Lets walk through this code step by step.

        //Create a storage account object.
        CloudStorageAccount storageAccount = CloudStorageAccount.Parse(_connectionString);

This will create the storage account with our connection string.

        // Create the table client.
        CloudTableClient tableClient = storageAccount.CreateCloudTableClient();

        // Retrieve a reference to the table.
        CloudTable table = tableClient.GetTableReference("player");

        // Create the table if it doesn't exist.
        table.CreateIfNotExists();

Create a table client and then we create a table called "player" then we check if it exists.
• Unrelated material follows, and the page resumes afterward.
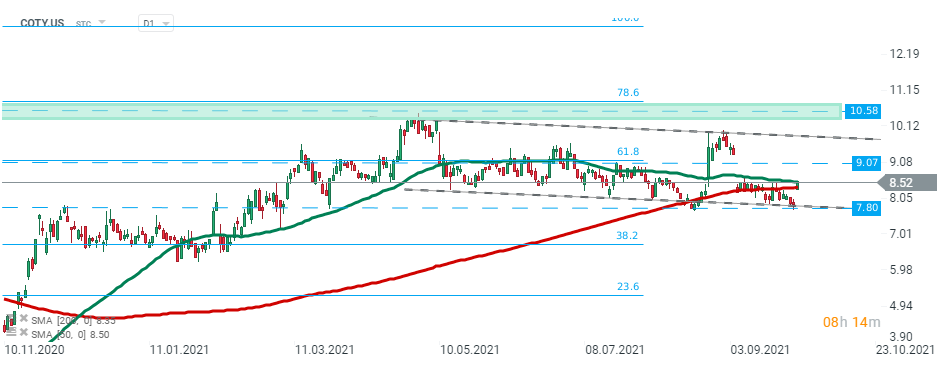 L'action Coty (COTY.US) a commencé la session d'aujourd'hui en hausse et le cours teste actuellement la SMA 50 (ligne verte) et la SMA 200 (ligne rouge). En cas de cassure à la hausse, un mouvement haussier pourrait s'étendre jusqu'à la résistance de court terme à 9,07 $ ou même la résistance à 10,58 $ qui est marquée par le retracement de Fibonacci à 78,6 % de la dernière vague de baisse. D'autre part, si les vendeurs parviennent à stopper la progression, le support le plus proche se situe à 7,80 $ et coïncide avec la limite inférieure du canal susmentionné. Source : xStation5

If it does not then table.CreateIfNotExists() will create a new table for us.

Next we'll go and get some data from the table.
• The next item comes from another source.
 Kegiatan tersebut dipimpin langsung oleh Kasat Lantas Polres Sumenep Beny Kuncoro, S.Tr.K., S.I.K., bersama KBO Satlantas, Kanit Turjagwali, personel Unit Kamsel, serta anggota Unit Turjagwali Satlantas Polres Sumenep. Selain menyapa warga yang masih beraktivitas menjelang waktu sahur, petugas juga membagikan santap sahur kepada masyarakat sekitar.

        // Get All Players for a sport

        TableQuery<PlayerEntity> query = new TableQuery<PlayerEntity>().Where(TableQuery.GenerateFilterCondition("PartitionKey", QueryComparisons.Equal, "soccer"));

You might have worked out the theme for this now. But this code allows us to create a query to get the players for a sport. In this case "soccer", The partition we created on this table is for Sports. Once we have built the query we can execute it.

int iCount = 0;
        foreach (PlayerEntity entity in table.ExecuteQuery(query))
        {
            Console.WriteLine("Club:" + entity.Club_VC + " Player Name: " + entity.First_Name_VC + " " + entity.Last_Name_VC + " Position: " + entity.Position_VC);

            iCount++;
        }

Here we execute the query which will return records for the Sport and then write them to the console. If you run this application now it will return nothing because we haven't created any data.

So lets create some data
static Boolean CreateData(string sSport, string sRow, string sFirstName, string sLastName, string sClub, string sPostition)
{
Boolean bSuccess = false;

        // Create our player
       
        // Create the entity with a partition key for sport and a row
        // Row should be unique within that partition
        PlayerEntity _record = new PlayerEntity(sSport, sRow);

        _record.Sport_VC = sSport;
        _record.First_Name_VC = sFirstName;
        _record.Last_Name_VC = sLastName;
        _record.Club_VC = sClub;
        _record.Position_VC = sPostition;
        
        //Create a storage account object.
        CloudStorageAccount storageAccount = CloudStorageAccount.Parse(_connectionString);

        // Create the table client.
        CloudTableClient tableClient = storageAccount.CreateCloudTableClient();

        // Retrieve a reference to the table.
        CloudTable table = tableClient.GetTableReference("player");


        // Create the TableOperation object that inserts the customer entity.
        TableOperation insertOperation = TableOperation.Insert(_record);

        try
        {

            // Execute the insert operation.
            table.Execute(insertOperation);

            bSuccess = true;
        }
        catch (Exception ex)
        {
            bSuccess = false;
        }


        return bSuccess;
    }

What does this code do,

First of all we create a new method for creating the data.

        // Create our player
       
        // Create the entity with a partition key for sport and a row
        // Row should be unique within that partition
        PlayerEntity _record = new PlayerEntity(sSport, sRow);

        _record.Sport_VC = sSport;
        _record.First_Name_VC = sFirstName;
        _record.Last_Name_VC = sLastName;
        _record.Club_VC = sClub;
        _record.Position_VC = sPostition;

We create our player Entity and setup the values.

PlayerEntity _record = new PlayerEntity(sSport, sRow)

Will create our table entity for us with the Row ID and the Partition key.
Row ID should be unqiue

TableOperation insertOperation = TableOperation.Insert(_record);

This sets it all ready to go, then we do the table.Execute(insertOperation); to create the record on our table.

So what I've done for this demo is add a iCount int that will hold the record count. Then at the end we add a call to our create data and it will create our first player.

CreateData("soccer", iCount.ToString(), "Wayne", "Rooney", "Man Utd", "Striker");

Once you run the app it will create the footballers and that's it, it's very simple to get started.